The polymerization of actin filaments requires numerous factors, however the fundamental unit is ATP-bound G-actin. The first step in actin polymerization is known as ‘nucleation’. This step sees the formation of an actin nucleus, which is essentially a complex of three actin monomers, from which an actin filament may elongate. Although non-muscle cells have a high concentration of G-actin-ATP (~100 μM) [1], pure G-actin monomers fail to nucleate new actin filaments efficiently due to the instability of actin oligomers. Additional factors are therefore required and although the exact mechanisms behind filament nucleation remain to be clearly defined, two models, each involving distinct mechanisms and proteins have been proposed. Importantly, these mechanisms are not mutually exclusive and it maybe be the case that nucleation of actin filaments results from a combination of both mechanisms [2].

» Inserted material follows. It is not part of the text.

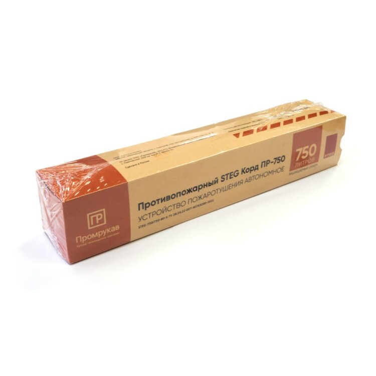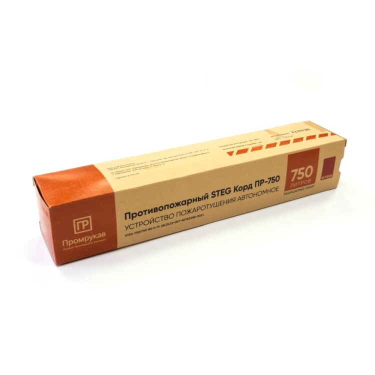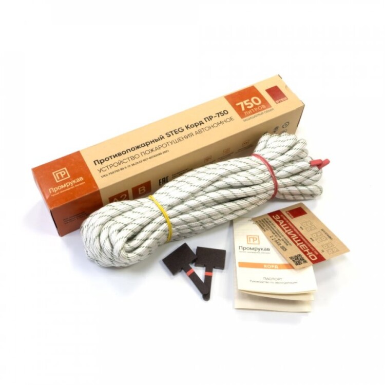 Устройство пожаротушения "STEG Корд" Промрукав состоит из прочной термостойкой оплетки, наполненной термоактивируемым гранулированным огнетушащим составом комбинированного принципа действия. Гранулы включают в себя микрокапсулы с газовым огнетушащим веществом (ФК-5-1-12) и аэрозолеобразующий огнетушащий состав. Гибкость шнура позволяет распределить его в местах наиболее близких к очагу возможного возгорания (электротехнические шкафы, контактные группы, скопление проводов, электрооборудование и пр.), предотвращая возникновение и развитие пожара на ранней стадии в объемах до 1 500 литров. При воздействии пламени на Корд или достижении в точке нагрева температуры срабатывания (+160...270 °C), гранулы по всей протяженности корда термически разлагаются и импульсно выделяют комбинированные газо-аэрозольные огнетушащие вещества, которые сбивают пламя, резко снижают температуру, на химическом уровне разрушают цепи горения, создавая среду, не поддерживающую горение, и за несколько секунд полностью прекращающую пожар в

In the first model, known as the ‘tip nucleation model’, members of the formin family of proteins cluster at the plasma membrane and initiate the nucleation of actin filaments. Formin subsequently mediates filament extension with the structural integrity of the filament bundles maintained by fascin cross-linking [2]. The alternative model is known as the “convergent elongation model”. In this model, the Arp2/3 complex, which is more commonly associated with lamellipodia formation but has been found to be critical for filopodia initiation [3], plays a role. Here, Arp2/3 complex nucleated branches continually develop from the actin filament network located at the leading edge of the lamellipodia. These filaments are proposed to gradually converge, forming a bundle that is secured by facsin cross-linking.